## What you should do
Print word for word the first line of the listing below and every line after it, through the line with "Die Links können". Leave out the pictures and the rest.

## Data segment
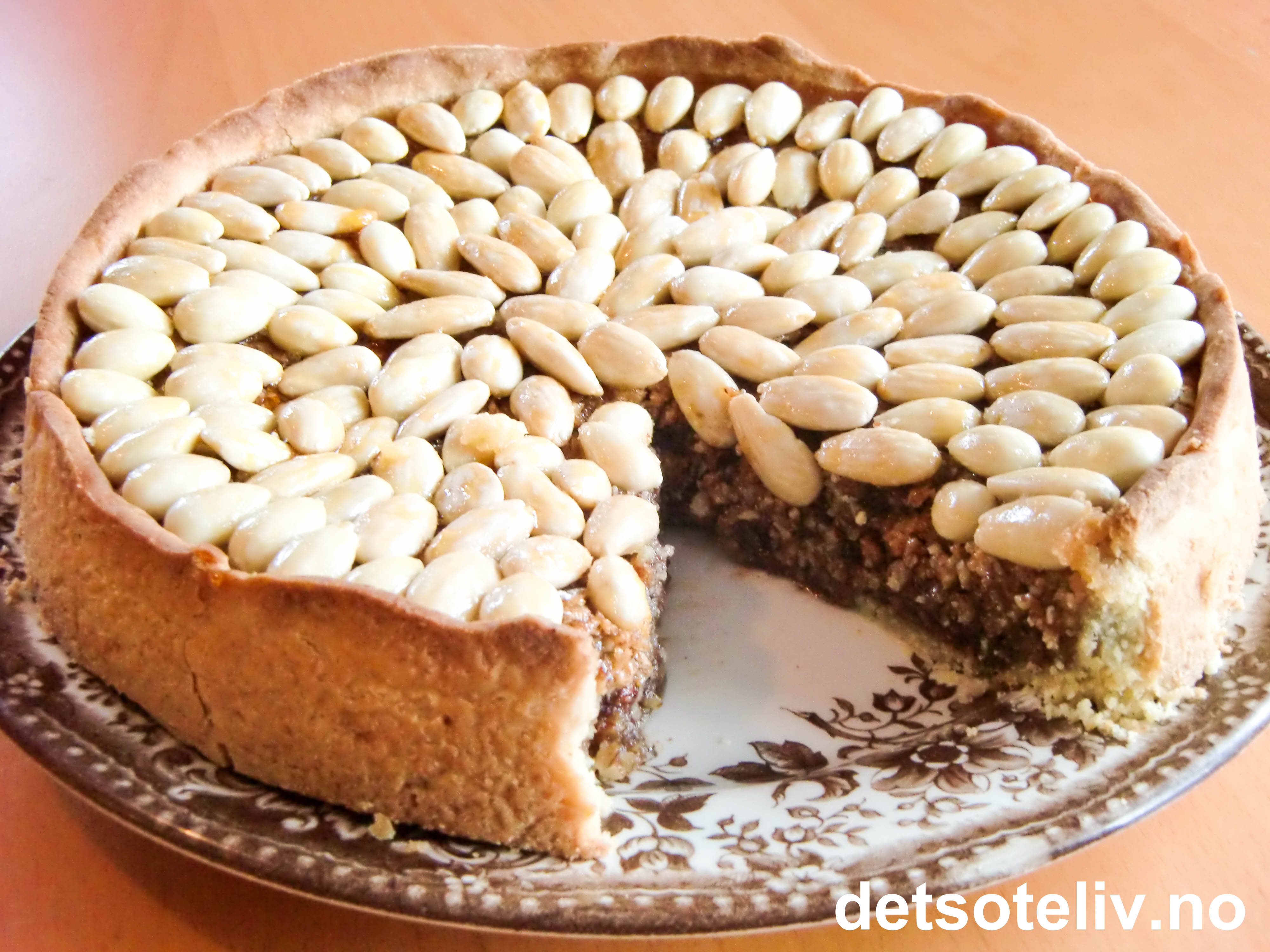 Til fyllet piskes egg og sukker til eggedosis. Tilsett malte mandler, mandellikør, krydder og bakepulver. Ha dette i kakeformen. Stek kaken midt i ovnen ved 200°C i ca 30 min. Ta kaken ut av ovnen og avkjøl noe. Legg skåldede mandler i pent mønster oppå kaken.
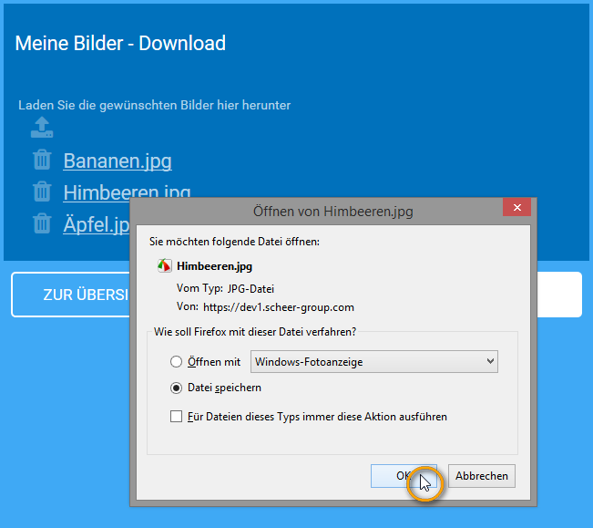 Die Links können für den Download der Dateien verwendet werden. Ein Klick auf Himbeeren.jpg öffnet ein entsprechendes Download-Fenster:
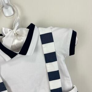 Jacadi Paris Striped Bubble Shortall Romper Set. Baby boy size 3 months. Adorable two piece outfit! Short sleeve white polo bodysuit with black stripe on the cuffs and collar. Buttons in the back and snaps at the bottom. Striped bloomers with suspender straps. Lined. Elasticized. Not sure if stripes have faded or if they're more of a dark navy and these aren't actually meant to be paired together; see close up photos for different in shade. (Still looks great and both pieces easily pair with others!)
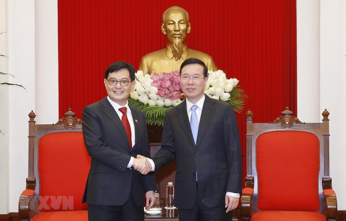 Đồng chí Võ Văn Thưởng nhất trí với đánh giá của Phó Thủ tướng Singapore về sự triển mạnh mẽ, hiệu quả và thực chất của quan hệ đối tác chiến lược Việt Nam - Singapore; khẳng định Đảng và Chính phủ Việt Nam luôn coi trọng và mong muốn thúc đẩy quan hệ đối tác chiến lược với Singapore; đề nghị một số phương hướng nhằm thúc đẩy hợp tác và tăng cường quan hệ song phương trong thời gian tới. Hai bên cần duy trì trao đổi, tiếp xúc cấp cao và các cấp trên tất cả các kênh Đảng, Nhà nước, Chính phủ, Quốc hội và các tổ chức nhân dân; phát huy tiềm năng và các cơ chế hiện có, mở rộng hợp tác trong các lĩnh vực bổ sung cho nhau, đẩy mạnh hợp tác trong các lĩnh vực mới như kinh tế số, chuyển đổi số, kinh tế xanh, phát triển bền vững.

## Solution
 Til fyllet piskes egg og sukker til eggedosis. Tilsett malte mandler, mandellikør, krydder og bakepulver. Ha dette i kakeformen. Stek kaken midt i ovnen ved 200°C i ca 30 min. Ta kaken ut av ovnen og avkjøl noe. Legg skåldede mandler i pent mønster oppå kaken.
 Die Links können für den Download der Dateien verwendet werden. Ein Klick auf Himbeeren.jpg öffnet ein entsprechendes Download-Fenster:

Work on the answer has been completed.